Characterizing Selective Refusal Bias in Large Language Models

ai-safety › fairness
📄 Abstract

Abstract: Safety guardrails in large language models(LLMs) are developed to prevent malicious users from generating toxic content at a large scale. However, these measures can inadvertently introduce or reflect new biases, as LLMs may refuse to generate harmful content targeting some demographic groups and not others. We explore this selective refusal bias in LLM guardrails through the lens of refusal rates of targeted individual and intersectional demographic groups, types of LLM responses, and length of generated refusals.

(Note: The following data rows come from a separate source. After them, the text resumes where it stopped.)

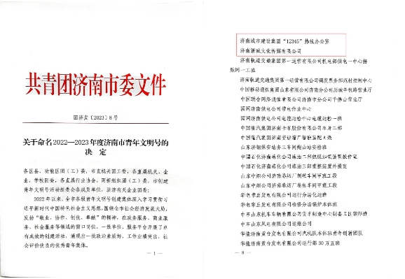 近日,共青團濟南市委印發了《關于命名2022-2023年度濟南市青年文明號的決定》,集團“12345”熱線辦公室、濟南新城文化傳媒有限公司兩家集體獲評2022-2023年度濟南市青年文明號。
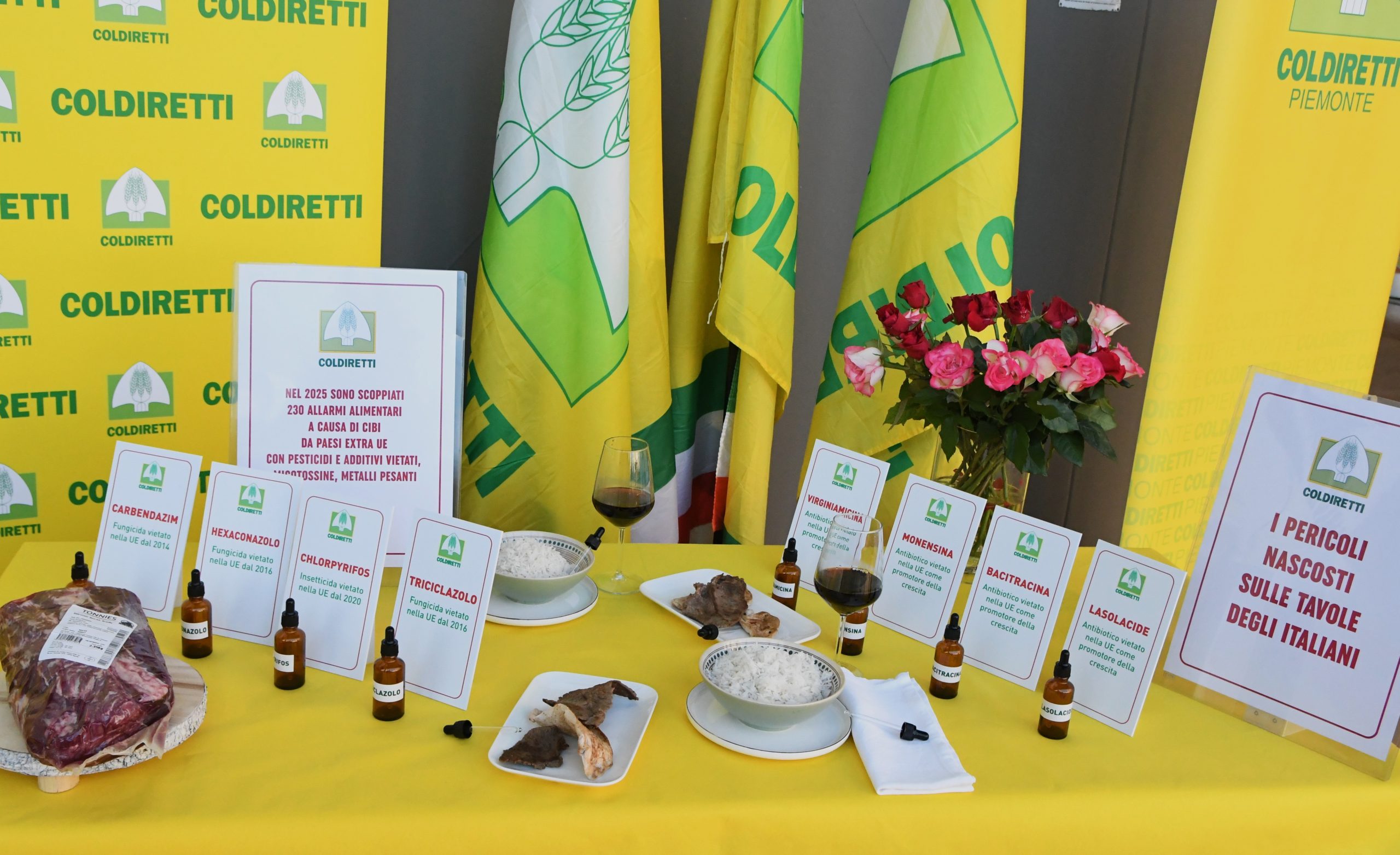 Per l’occasione è stata allestita una tavola che ha messo a confronto alcune eccellenze made in Italy, dal riso Carnaroli alla carne di razza piemontese, con prodotti stranieri che entrano in Europa senza adeguati controlli e spesso trattati con sostanze vietate nell’Ue.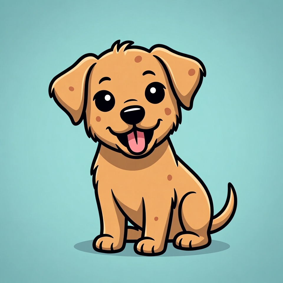 A cute cartoon puppy with tan fur and black spots sits on a light blue background. The puppy has large expressive eyes, a smiling mouth with tongue out, and floppy ears. It is illustrated in a whimsical style with bold outlines.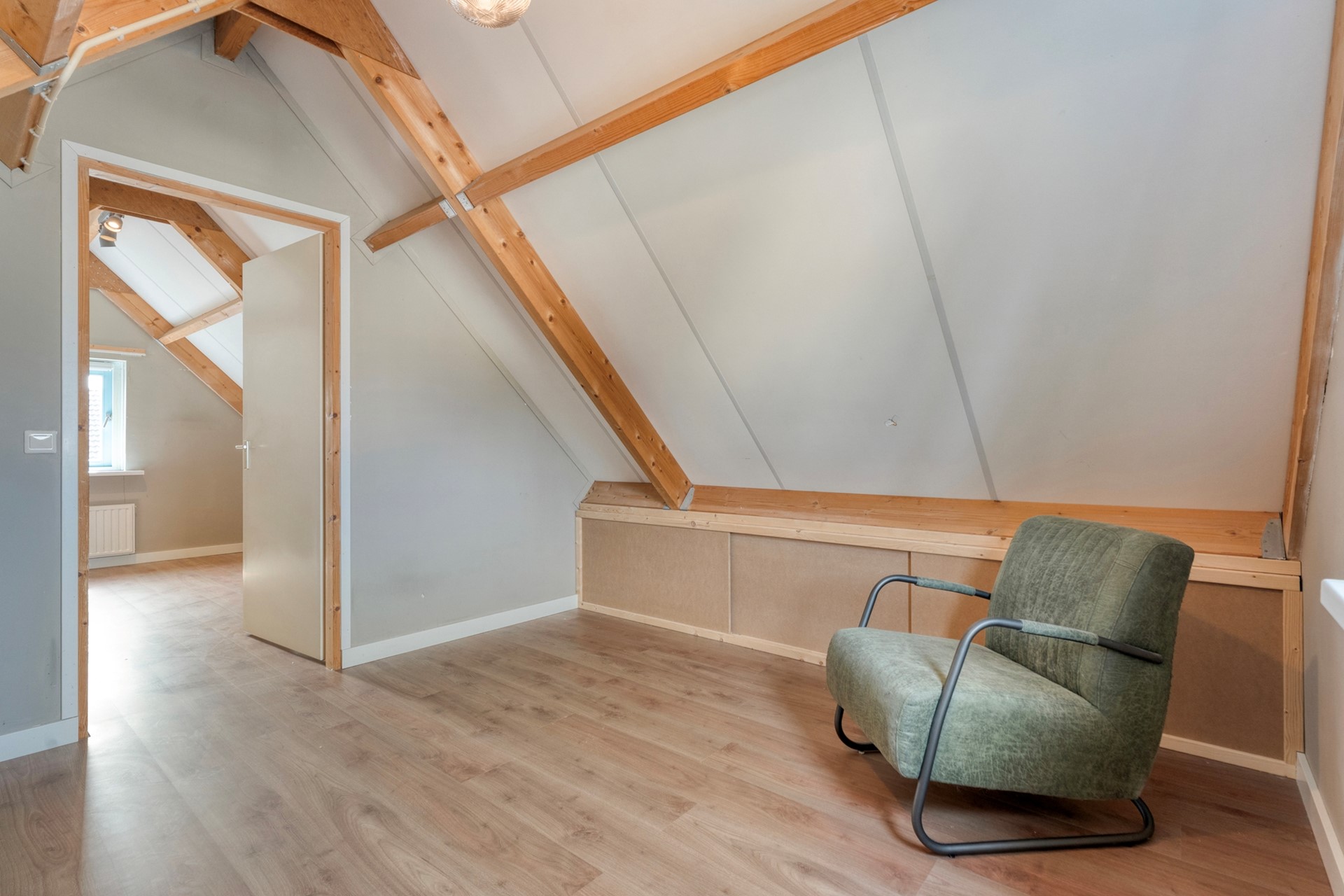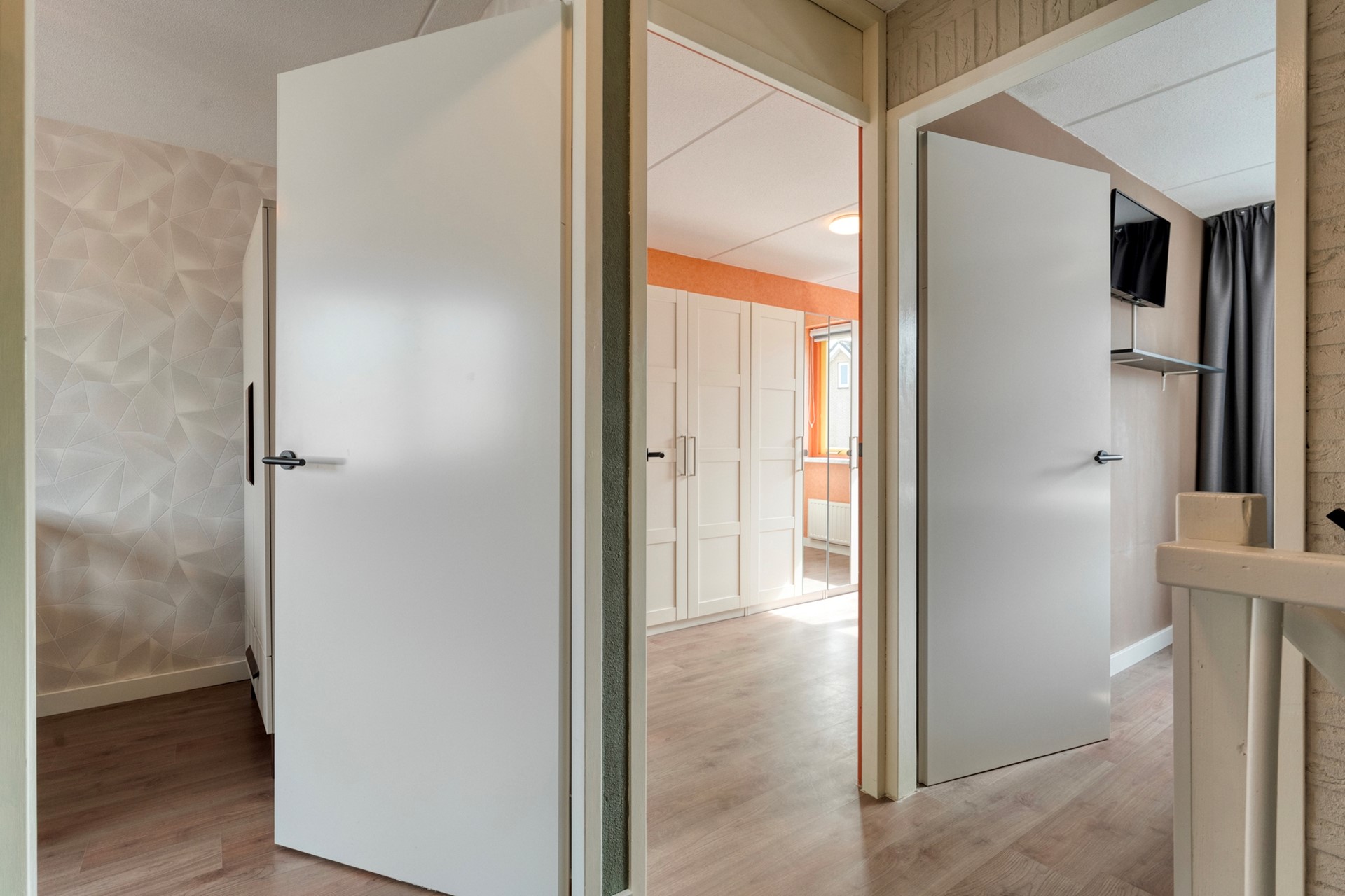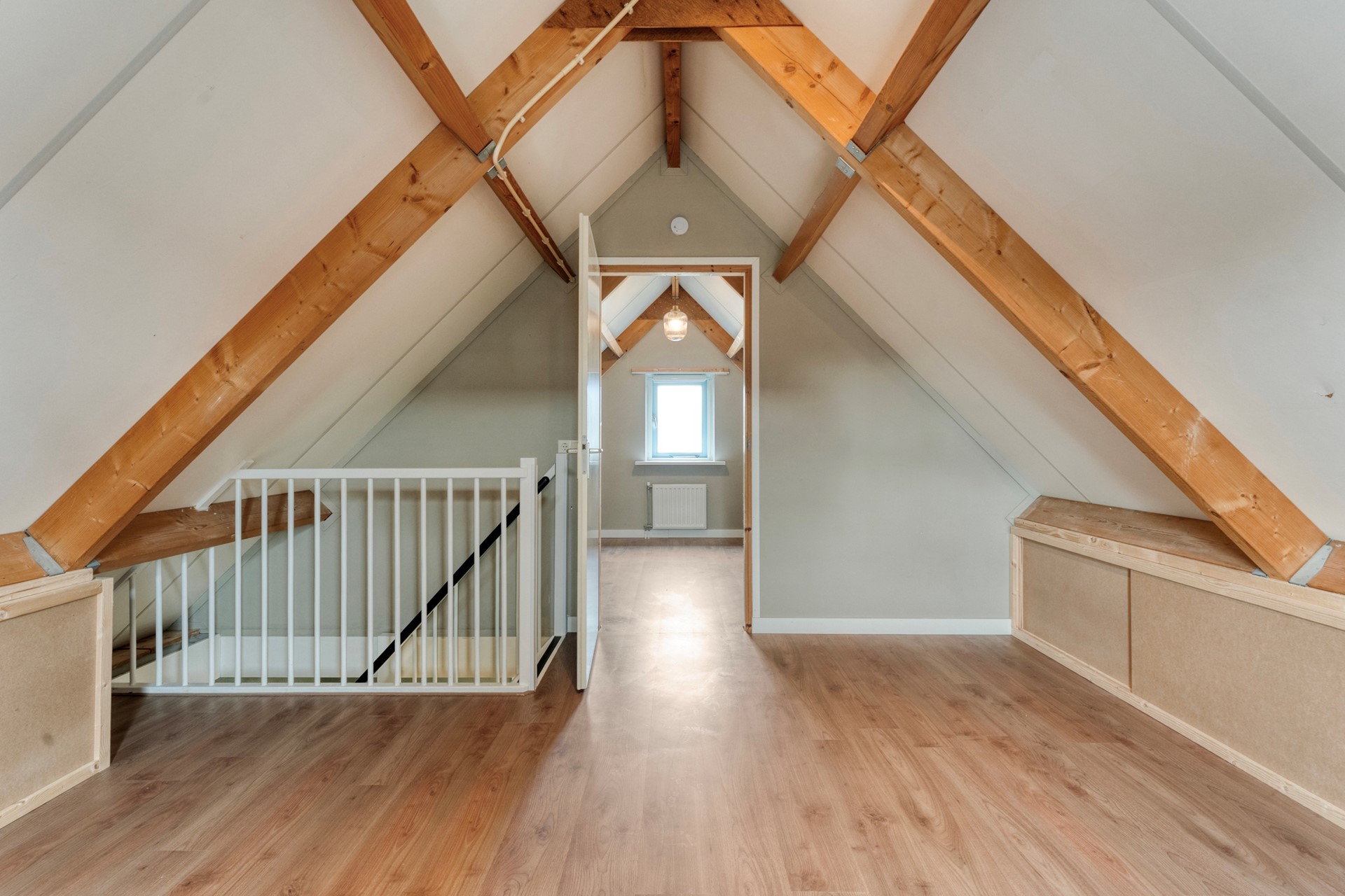 Ruime overloop met de mogelijkheid om een extra slaapkamer te realiseren. Daarnaast bevindt zich hier nog een vierde slaapkamer. Dankzij de ramen aan beide zijden komt er veel daglicht binnen.

Our results show evidence of selective refusal bias across gender, sexual orientation, nationality, and religion attributes. This leads us to investigate additional safety implications via an indirect attack, where we target previously refused groups. Our findings emphasize the need for more equitable and robust performance in safety guardrails across demographic groups.
Authors (2)
Adel Khorramrouz
Sharon Levy
Submitted
October 31, 2025
arXiv Category
cs.CL
arXiv PDF

Key Contributions

This paper characterizes selective refusal bias in LLM safety guardrails, demonstrating that LLMs may refuse harmful content for some demographic groups but not others. The study quantifies this bias across various attributes and highlights the need for more equitable and robust safety measures to prevent unintended discrimination.

Business Value

Ensuring fairness and equity in AI systems is crucial for building trust and avoiding reputational damage and legal liabilities. Addressing bias in LLMs is essential for responsible AI deployment.